Küresel federasyonların birleşmesini destekliyoruz

Böyle bir dönemde, emekçilerin hak ve çıkarları için mücadele eden ve işçi sınıfının taleplerinin taşıyıcısı olan sendikal hareketin dünyada ve Avrupa'da güçlerini birleştirme kararı alması son derece doğrudur. Bu doğrultuda, üyesi olduğumuz Avrupa Enerji ve Kimya İşçileri Federasyonu (EMCEF) ile Avrupa Metal İşçileri Federasyonu EMF ve Avrupa Tekstil ve Deri İşçileri Federasyonu (ETUC:TCL) birleşerek Avrupa Sanayi İşçileri Federasyonu'nu kurmuştur. Yine üyesi bulunduğumuz Uluslararası Kimya Enerji ve Maden İşçileri Federasyonu (ICEM), Uluslararası Metal İşçileri Federasyonu (IMF) ve Uluslararası Tekstil ve Deri İşçileri Federasyonu (ITGLWF), birleşerek küresel sanayi federasyonunu kurmaya hazırlanmaktadır. Petrol-İş Sendikası, bu küresel birleşme süreçlerini desteklemekte ve sendikal hareketin her bir ülkede birlik perspektifiyle hareket etmesi gerektiğini düşünmektedir.

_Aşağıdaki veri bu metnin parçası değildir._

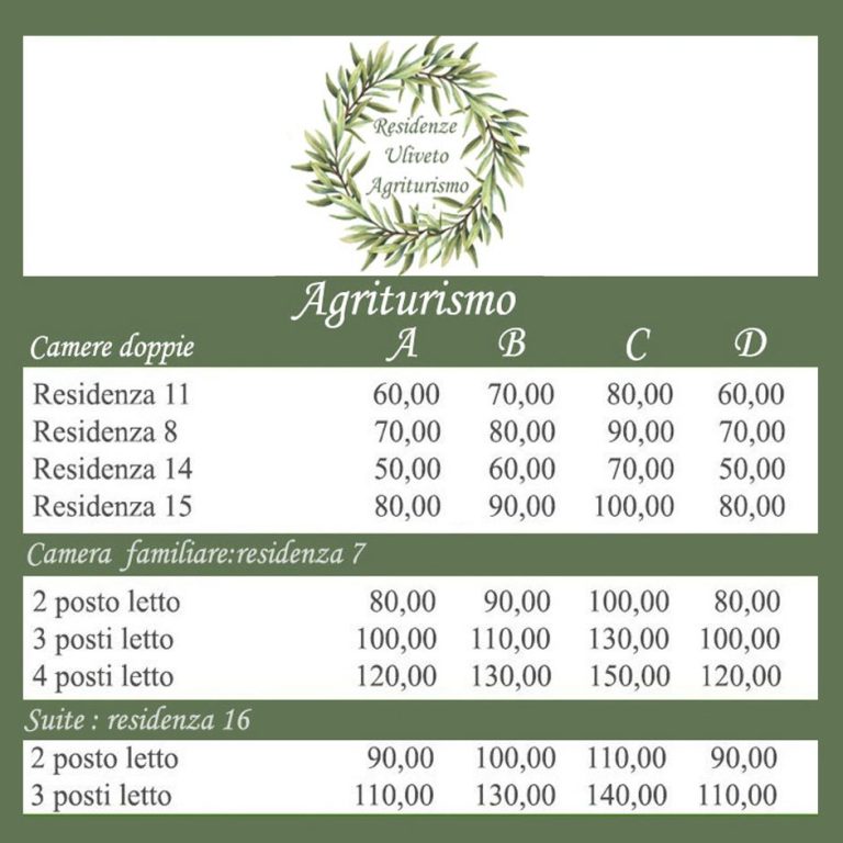 Listino prezzi camere 2026

Bölge barışını merkeze alan bir dış politika izlenmeli

Ekonomik krizin etkisini sürdürmesi, emperyalist paylaşım kavgasını ve bölgesel çatışmaları da şiddetlendirmektedir. Komşumuz Suriye'ye dönük uluslararası müdahale tehditleri her geçen gün yoğunlaşmaktadır. Irak'ta ise parçalanma olasılığı yükselmektedir. Böylesine hassas bir dönemde hükümetin, “komşularla sıfır sorun” ilkesine uygun bir şekilde, sorumlu, bağımsız ve bölge barışını hedefleyen bir dış politika hattı izlemesi gerekmektedir.

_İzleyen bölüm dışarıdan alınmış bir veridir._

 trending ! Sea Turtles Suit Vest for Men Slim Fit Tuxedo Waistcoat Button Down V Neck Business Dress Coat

Merkezinde Kıbrıs adasının olduğu Doğu Akdeniz'de, petrol ve doğalgaz arama çalışmaları nedeniyle büyüyen siyasi gerilim; bölgesel sorunları derinleştirirken, emperyalist güçlerin Akdeniz'de etkinliğini arttırmasına neden olmaktadır. Bu süreçte, Kıbrıs Sorunu'nun çözümü bölgesel barışın sağlanmasına ve bölge halklarının kardeşçe yaşamasına büyük bir katkı koyacaktır. Petrol-İş Sendikası olarak, Kıbrıs’ta çözümün Türk ve Rum halklarının ortak kararıyla belirlenmesi gerektiğine, iki halkın eşit şartlarda temsil edilerek gönüllü birliktelikle yaratılmış bağımsız, birleşik Kıbrıs Cumhuriyeti olması gerektiğine inanmaktayız. Kuzey Kıbrıs'ta birtakım siyasi hesaplar ve özelleştirmelerle kamu varlıklarının talan edilmesine, neo-liberal uygulamalara karşı mücadele eden işçi konfederasyonları Türk-Sen ve Dev-İş ile dayanışma içerisinde olduğumuzu bildiriyoruz.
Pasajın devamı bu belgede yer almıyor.